Railroad Rhythm is a 1937 short animated film by Columbia Pictures starring the comic strip character Krazy Kat, and part of a long-running series of short films featuring the character.

==Plot==
Krazy is a train engineer, driving an old steam train. While Krazy enjoys himself and even sings I've Been Working on the Railroad, the passengers are disoriented by the coaches tilting back and forth. When the train stops at a local station, the passengers exit, and express their dislike of the ride, before boarding a more modern train at the place.

As Krazy continues to run his train, a villainous mutt, some miles ahead, ties a man and a woman, who are a couple, onto the track.

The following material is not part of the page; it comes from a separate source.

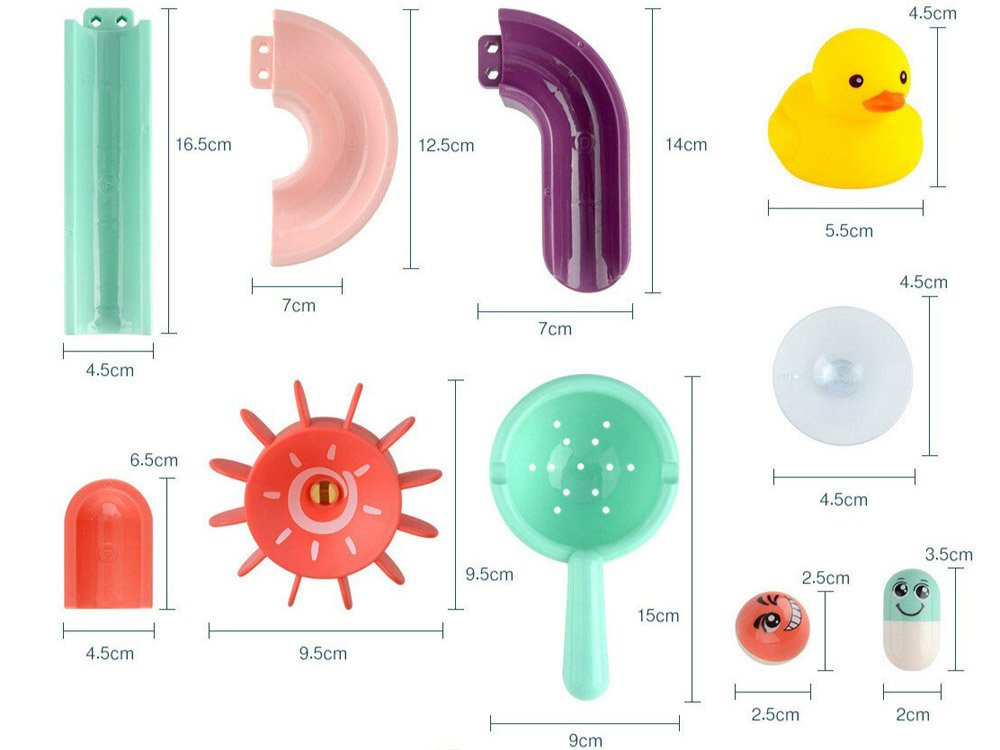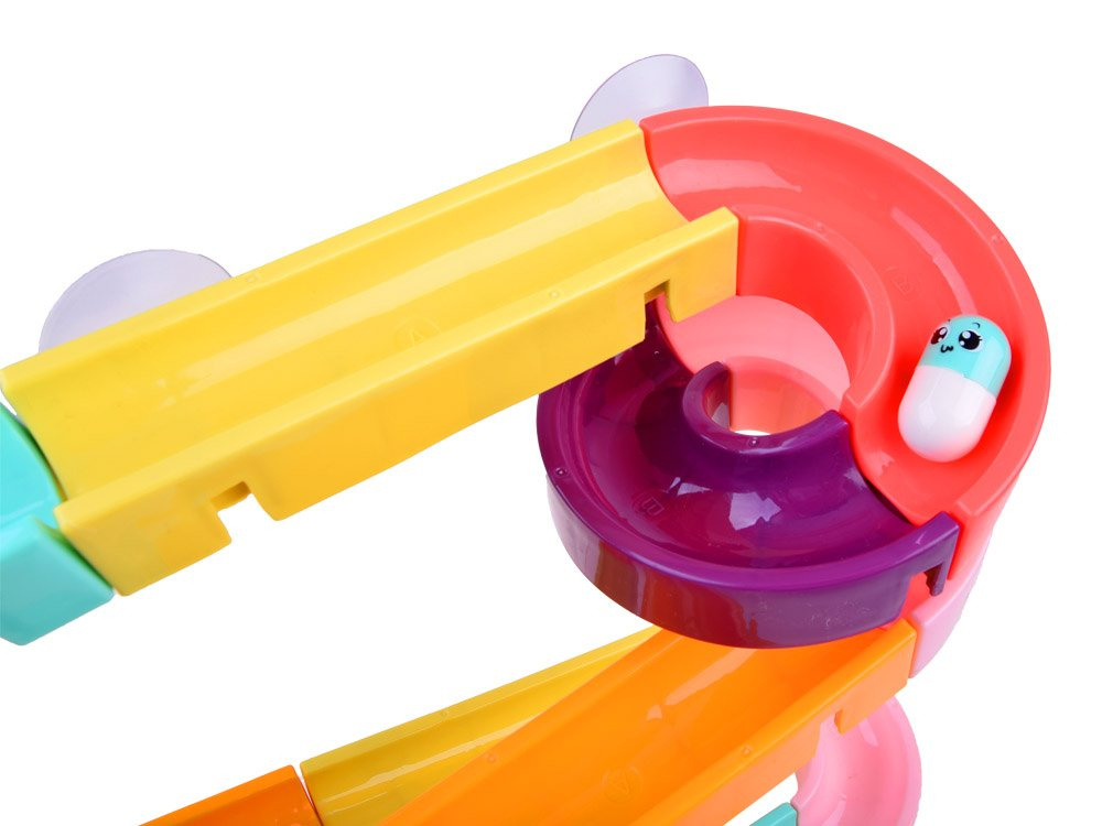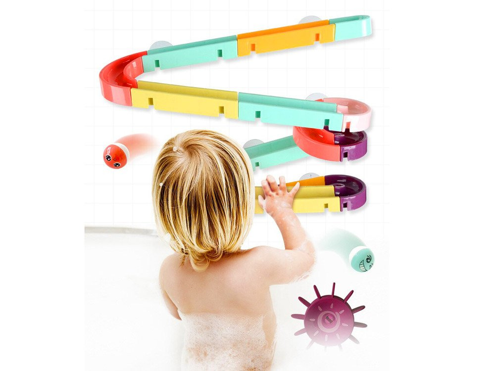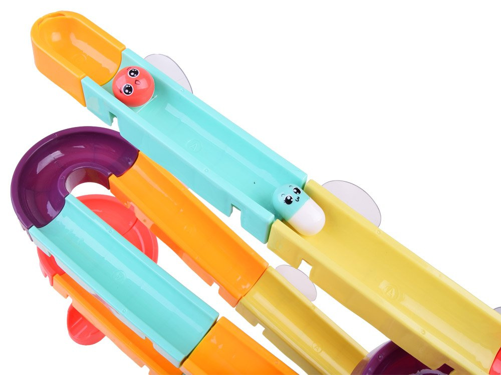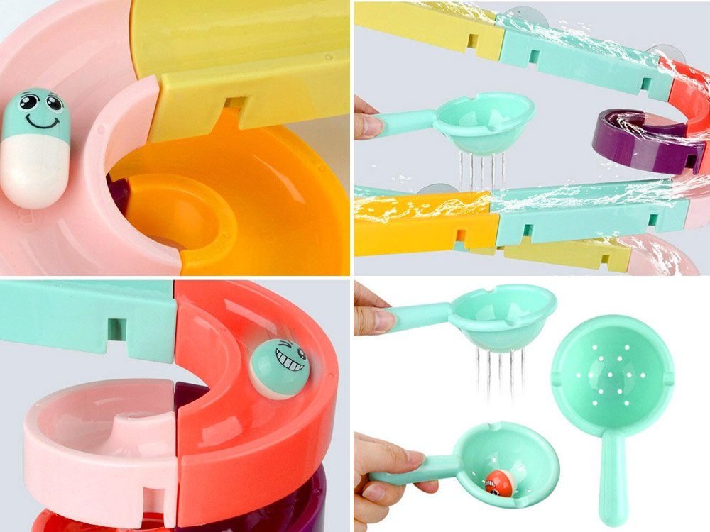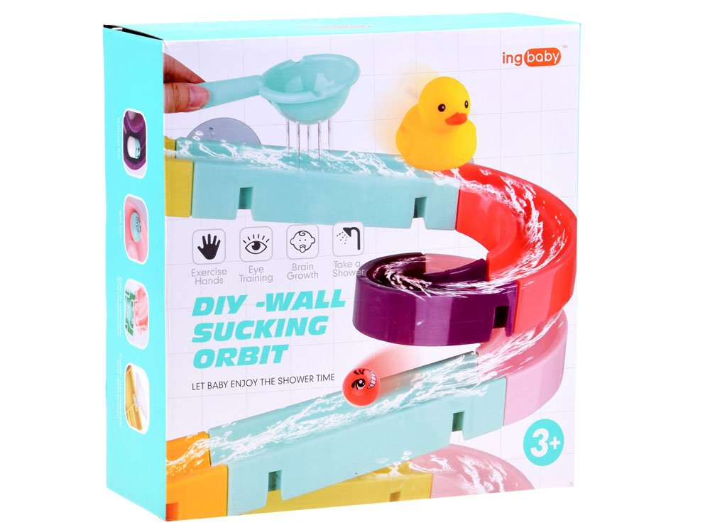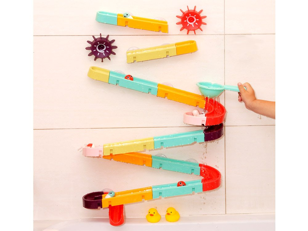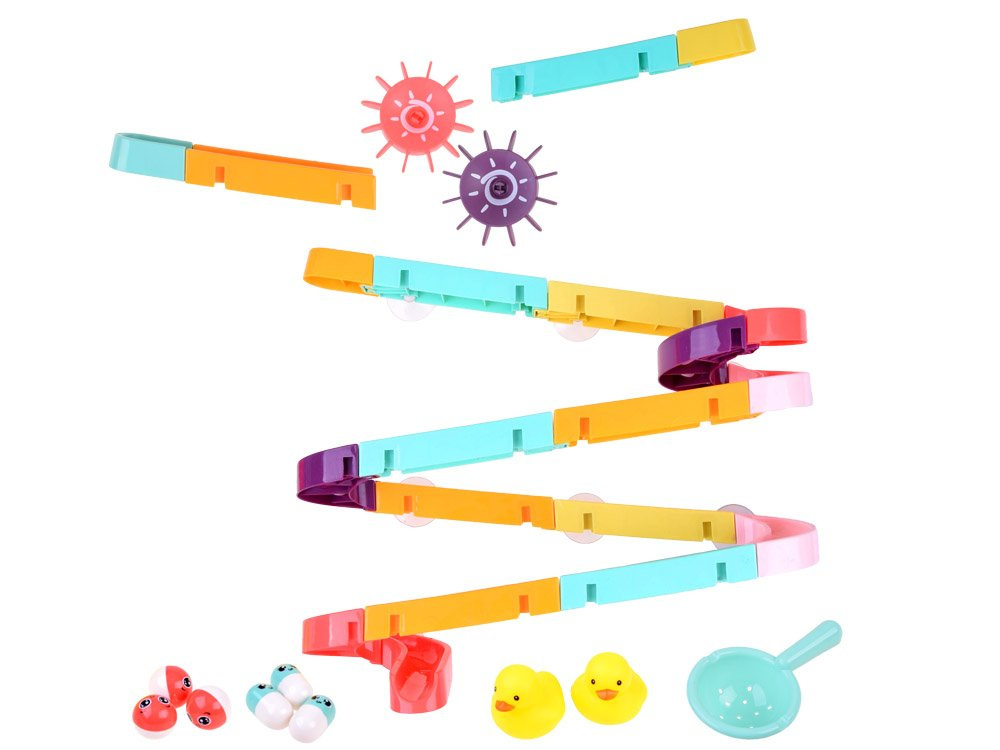 Комплектът е изработен от пластмаса и е снабден със силиконови вендузи, за да може да се закрепи към плочките в банята. В пакета са включени цветни елементи за построяване на спираловидна писта, гумени патици, топки, бобчета и цедка. Когато се къпе, детето може да си измисли фантастични игри с бягаща патица, гонеща се топка и ролки, които могат да се залепят една до друга, така че детето да върти и двете едновременно. Комплектът се състои от 44 части, от които можете да построите пързалка.

Krazy, however, notices the restrained couple on time. Krazy dives his train into the ground, going under them, before getting back to the surface. Krazy comes out of the train to untie the couple. The man gives Krazy a sack of cash as a sign of gratitude.

Krazy uses the money he received from the man to purchase one of the modern trains. The man and the woman are on board as passengers. But troubles are not over as the mutt returns in an airplane to drop bombs on the train. The couple, however, is not defenseless as the man uses a trumpet to summon an army tank to the scene. After firing several rounds, the airplane is eventually shot down.

==Reception==
Motion Picture Exhibitor (Dec 1, 1937): "The cat is engineer of an old train. The passengers are sick from the constant rocking and ride the new streamlined train. The cat and the porter (mimic of Stephin Fetchit) save a band leader and his girlfriend from death, receive as reward enough cash to buy a streamlined train. The animation is good but the gags are a little weak. Fair."

Selected Motion Pictures (Jan 1, 1938): "Krazy Kat rescues his sweetheart from the villain in an old-time melodrama with a modern ending. Clever and amusing cartoon."